FIG. 4 is a front view of the gasket 90 taken along the line IV-IV in FIG. 3, with the corresponding portion of the cylinder block 42 indicated by a two-dot chain line.
The mating surface 42b of the cylinder block 42 has a cylinder portion 42a opening approximately in the center, and four through holes 48 for inserting stud bolts 49 parallel to the cylinder axis X are formed around the cylinder portion 42a. As shown in FIG. 4, the gasket 90 has a cylinder hole 91 corresponding to the cylinder portion 42a of the cylinder block 42, as well as four bolt holes 92 corresponding to the four through holes 48.

The cylinder head 43, which is connected to the mating surface 42b (see Figure 3) via a gasket 90, also has four through holes 48 drilled at the same positions parallel to the cylinder axis X. The tips of the stud bolts 49 inserted from the front of the cylinder head 43 pass through the through holes 48 in the cylinder head 43 and the through holes 48 in the cylinder block 42 and are screwed into the crankcase 40, fastening and fixing the cylinder head 43 and the cylinder block 42 to the crankcase 40 (see Figure 2).
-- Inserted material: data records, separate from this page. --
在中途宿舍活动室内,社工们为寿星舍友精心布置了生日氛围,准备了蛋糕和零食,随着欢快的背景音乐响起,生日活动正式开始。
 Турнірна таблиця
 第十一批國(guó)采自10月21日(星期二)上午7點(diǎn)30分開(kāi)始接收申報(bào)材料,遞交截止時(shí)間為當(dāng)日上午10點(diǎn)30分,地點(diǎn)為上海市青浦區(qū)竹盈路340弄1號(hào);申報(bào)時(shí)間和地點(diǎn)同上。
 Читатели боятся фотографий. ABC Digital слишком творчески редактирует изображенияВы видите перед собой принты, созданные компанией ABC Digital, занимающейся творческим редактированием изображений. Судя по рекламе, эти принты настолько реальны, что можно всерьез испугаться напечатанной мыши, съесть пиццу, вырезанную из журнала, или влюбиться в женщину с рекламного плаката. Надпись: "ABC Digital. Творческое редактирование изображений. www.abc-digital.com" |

In this embodiment, the gasket 90 is provided with a cam chain chamber opening 93 corresponding to the cam chain chamber 63 on the left side of the cylinder hole 91 .
Two of the four bolt holes 92 are located between the cam chain chamber opening 93 and the cylinder hole 91, and the remaining two bolt holes 92 are located symmetrically about the cylinder hole 91 from each of the bolt holes 92.
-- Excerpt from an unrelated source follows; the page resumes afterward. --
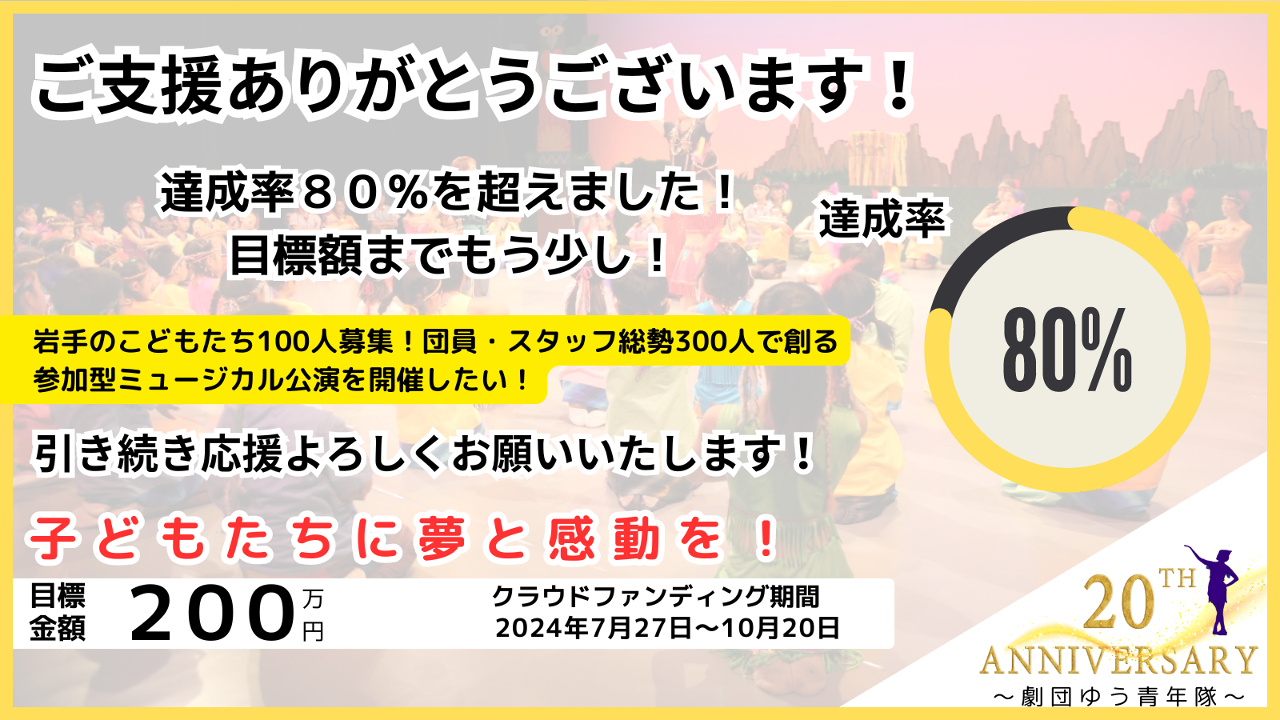 皆様の温かいご支援のおかげで、劇団ゆうのクラウドファンディングが目標金額の 80% に到達いたしました!たくさんの応援とご協力、本当にありがとうございます。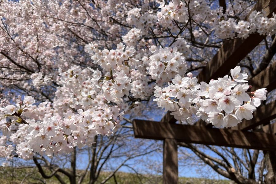 また周辺にある信濃リバーサイドパークの多目的広場を取り囲むように咲き誇る桜も見応えがあります。

In other words, as shown in FIG. 4, the cylinder block 42 with the gasket 90 interposed between it and the cylinder head 43 has a cylinder section 42a to which the cylinder hole 91 of the gasket 90 corresponds, and a cam chain chamber 63 is provided to the left of that, with two of the four through holes 48 located between the cam chain chamber 63 and the cylinder section 42a, and the remaining two through holes 48 are provided in symmetrical positions around the cylinder section 42a of each of the through holes 48. Therefore, the bolt holes 92 of the gasket 90 are also positioned symmetrically around the cylinder hole 91 corresponding to the cylinder section 42a, in line with the through holes 48.

A knock pin 95 is fitted into a first through hole 48A, which is one (the upper one in this embodiment) of the two through holes 48 located between the cam chain chamber 63 and the cylinder portion 42a, for precisely aligning and assembling the cylinder block 42 and the cylinder head 43. The lower through hole 48 may be the first through hole 48A.
The through hole 48 located symmetrically with respect to the first through hole 48A and the cylinder hole 91 serves as a second through hole 48B into which a knock pin 95 is fitted.

One of the two bolt holes 92 on the cam chain chamber opening 93 side, that is, the upper side in this embodiment, is a first bolt hole 92A, through which a knock pin 95 inserted into the first through hole 48A is inserted, and the bolt hole 92 symmetrically positioned about the cylinder hole 91 is a second bolt hole 92B, through which a knock pin 95 inserted into the second through hole 48B is inserted.
As described above, if the lower through hole 48 on the cam chain chamber 63 side is designated as the first through hole 48A, and the through hole 48 located symmetrically about the cylinder bore 91 is designated as the second through hole 48B, the lower of the two bolt holes 92 on the cam chain chamber opening 93 side becomes the first bolt hole 92A, and the bolt hole 92 located symmetrically about the cylinder bore 91 becomes the second bolt hole 92B.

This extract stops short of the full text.